▸ Required action
The answer must be an exact printing of every record below, with the pictures omitted.

▸ Exercise material
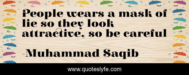 This page presents the quote "People wears a mask of lie so they look attractive, so be careful". Author of this quote is Muhammad Saqib. This quote is about careful, reality, attractive, liars, fake-people,.
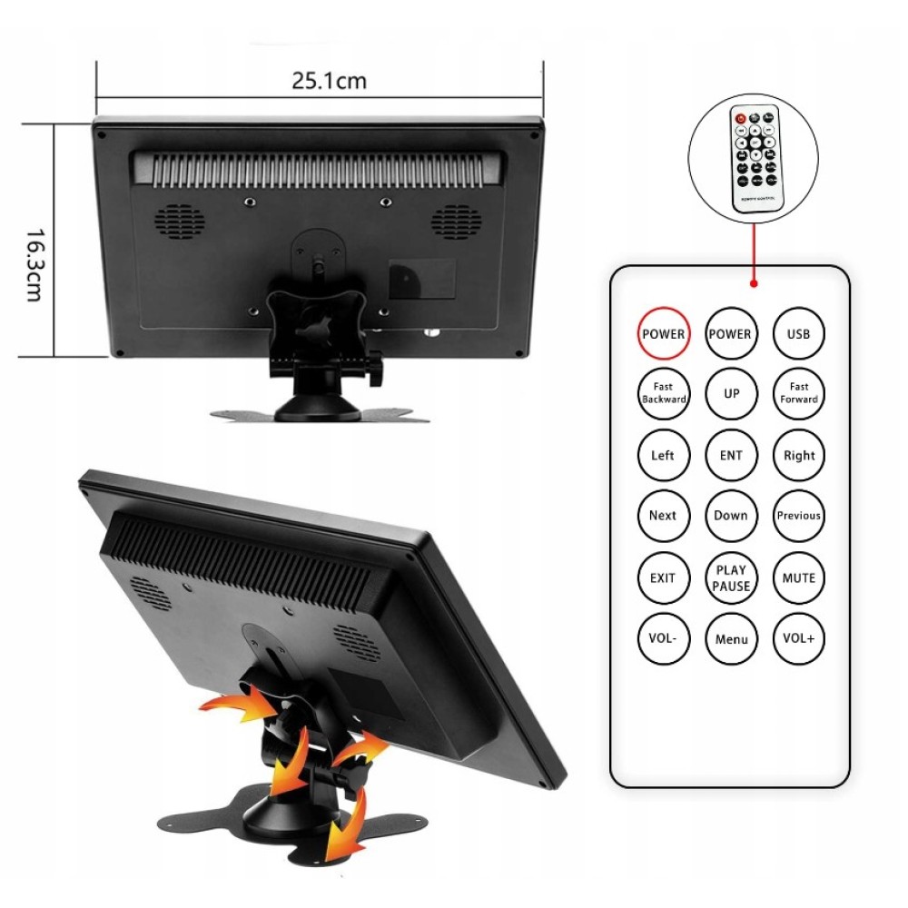 МОНІТОР 10.1" HD HDMI VGA AV BNC IPS 170° ПІДСТАВКА + ПУЛЬТ ДИСТАНЦІЙНОГО КЕРУВАННЯ
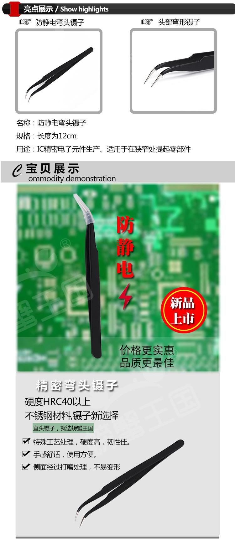 Anti-static elbow tweezers 1 piece, Straight Tweezers (Pack of 5), Elbow Tweezers (Pack of 5), Anti-static str...
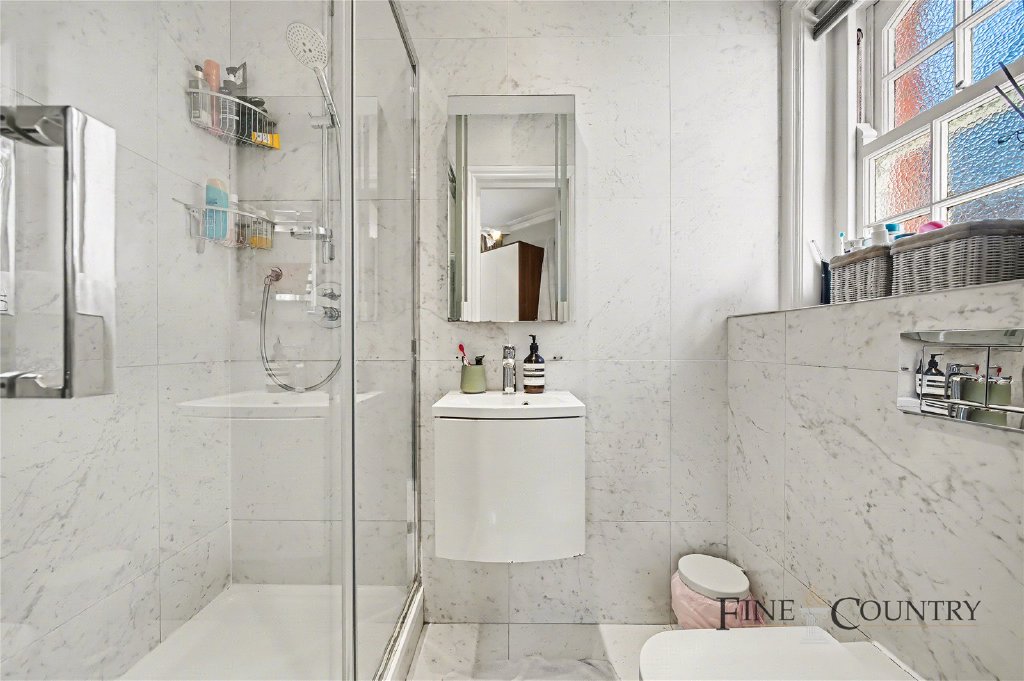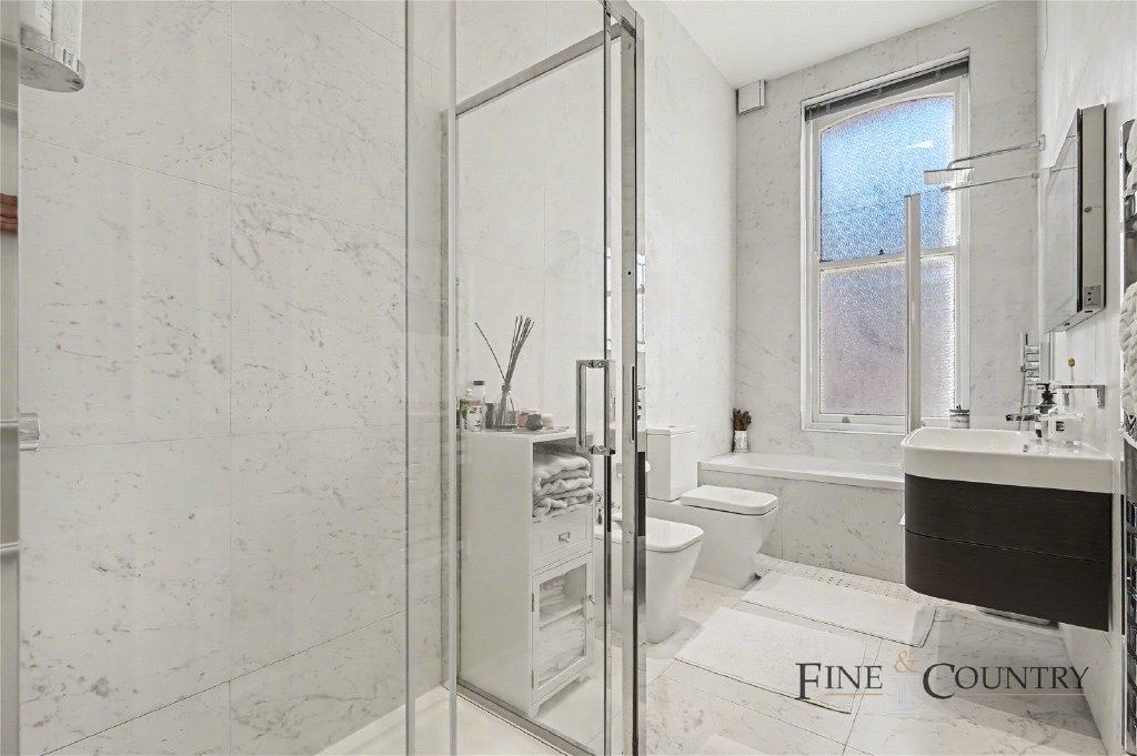 The bedrooms are all well-proportioned, each benefiting from excellent ceiling height, large sash-style windows and built-in storage. The principal bedroom offers a calm and refined retreat, complete with a well-appointed en suite bathroom finished in marble-style tiling with high-quality fittings. The additional bedrooms are equally versatile, suitable for guest accommodation, family use or a home office. The main bathroom continues the same design language, finished to a high standard with clean lines and contemporary fixtures.
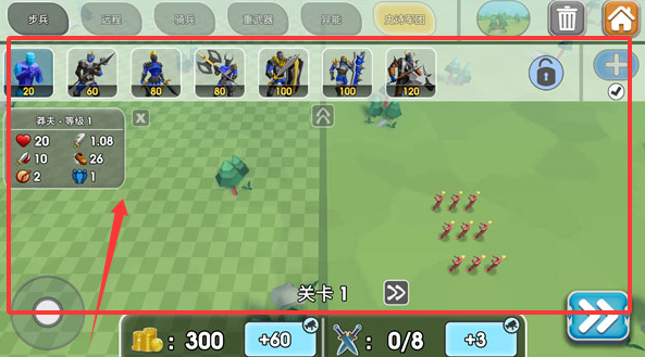 1、進(jìn)入游戲后可以看到敵方的陣營(yíng)情況,來(lái)部署你的隊(duì)伍只需點(diǎn)擊上方的任一兵種,再點(diǎn)擊空白位置即可。
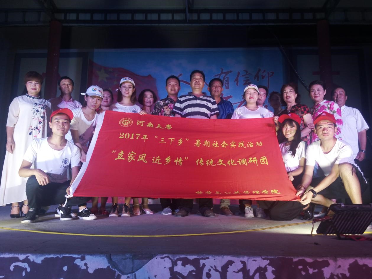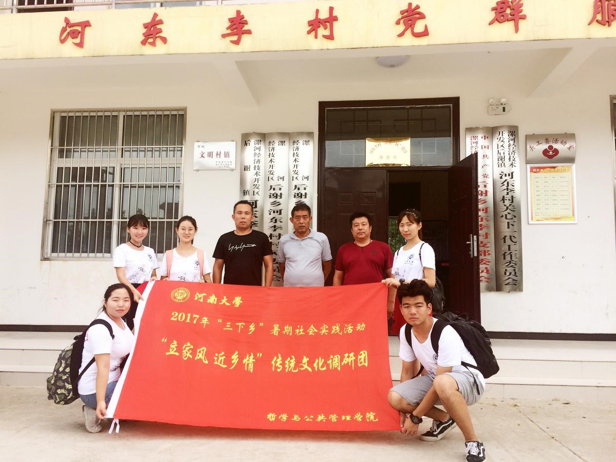 调研的第一站,他们来到了位于河南省漯河市后谢镇的河东李村。走进村中的大门,久违的家风乡情在这里随处可见,无论是路灯牌上村里的“好媳妇”、“好婆婆”宣传画,还是道路两旁的巨幅孝道墙绘,都在向团队成员们传递着来自于这个村庄家风乡情的脉搏。从村两委领导的口中,团队成员们了解到河东李村在先前的很长时间里都是一个小小的自然村,在近几年才成为独立的行政村,因此,河东李村的经济发展起步较晚,发展过程中也遇到了不少的阻力。村干部表示,下一步,村两委还将根据村里的实际情况,引进更加适宜的农业作物在村中进行推广种植,在提高村民收入的基础上形成一套有河东李特色的农业发展致富体系,带领村民共同提高生活水平走向富裕。虽然村民的普遍收入和生活水平不高,但长期以来,河东李村一直保持着先前优秀的家风乡情,备受周边村落的赞誉和好评。在河东李村的五天时间里,团队成员们陆续走访了村中包括村干部、“好媳妇”、“好婆婆”、乡贤、退休教师在内的多个群体,对河东李村的优秀家风乡情文化有了更加深入的认识和把握。调研过程中,团队成员参加了村党支部每月定期举行的主题党日活动,也加入了村中激情洋溢的广场舞;观看了文明乡风的巡演,也参加了“好媳妇”表彰大会,同时也与来村中考察的漯河市文明办主任和后谢镇党委书记热情交谈。认真观察、用心倾听,团队成员们用问卷、镜头和访谈记录勾勒出河东李村真实动人的家风乡情。在这里,他们对这个村庄饱含着深情与敬意,这个村庄也对团队成员回馈着这里独有的热情与温暖。

▸ Task response
 This page presents the quote "People wears a mask of lie so they look attractive, so be careful". Author of this quote is Muhammad Saqib. This quote is about careful, reality, attractive, liars, fake-people,.
 МОНІТОР 10.1" HD HDMI VGA AV BNC IPS 170° ПІДСТАВКА + ПУЛЬТ ДИСТАНЦІЙНОГО КЕРУВАННЯ
 Anti-static elbow tweezers 1 piece, Straight Tweezers (Pack of 5), Elbow Tweezers (Pack of 5), Anti-static str...
 The bedrooms are all well-proportioned, each benefiting from excellent ceiling height, large sash-style windows and built-in storage. The principal bedroom offers a calm and refined retreat, complete with a well-appointed en suite bathroom finished in marble-style tiling with high-quality fittings. The additional bedrooms are equally versatile, suitable for guest accommodation, family use or a home office. The main bathroom continues the same design language, finished to a high standard with clean lines and contemporary fixtures.
 1、進(jìn)入游戲后可以看到敵方的陣營(yíng)情況,來(lái)部署你的隊(duì)伍只需點(diǎn)擊上方的任一兵種,再點(diǎn)擊空白位置即可。
 调研的第一站,他们来到了位于河南省漯河市后谢镇的河东李村。走进村中的大门,久违的家风乡情在这里随处可见,无论是路灯牌上村里的“好媳妇”、“好婆婆”宣传画,还是道路两旁的巨幅孝道墙绘,都在向团队成员们传递着来自于这个村庄家风乡情的脉搏。从村两委领导的口中,团队成员们了解到河东李村在先前的很长时间里都是一个小小的自然村,在近几年才成为独立的行政村,因此,河东李村的经济发展起步较晚,发展过程中也遇到了不少的阻力。村干部表示,下一步,村两委还将根据村里的实际情况,引进更加适宜的农业作物在村中进行推广种植,在提高村民收入的基础上形成一套有河东李特色的农业发展致富体系,带领村民共同提高生活水平走向富裕。虽然村民的普遍收入和生活水平不高,但长期以来,河东李村一直保持着先前优秀的家风乡情,备受周边村落的赞誉和好评。在河东李村的五天时间里,团队成员们陆续走访了村中包括村干部、“好媳妇”、“好婆婆”、乡贤、退休教师在内的多个群体,对河东李村的优秀家风乡情文化有了更加深入的认识和把握。调研过程中,团队成员参加了村党支部每月定期举行的主题党日活动,也加入了村中激情洋溢的广场舞;观看了文明乡风的巡演,也参加了“好媳妇”表彰大会,同时也与来村中考察的漯河市文明办主任和后谢镇党委书记热情交谈。认真观察、用心倾听,团队成员们用问卷、镜头和访谈记录勾勒出河东李村真实动人的家风乡情。在这里,他们对这个村庄饱含着深情与敬意,这个村庄也对团队成员回馈着这里独有的热情与温暖。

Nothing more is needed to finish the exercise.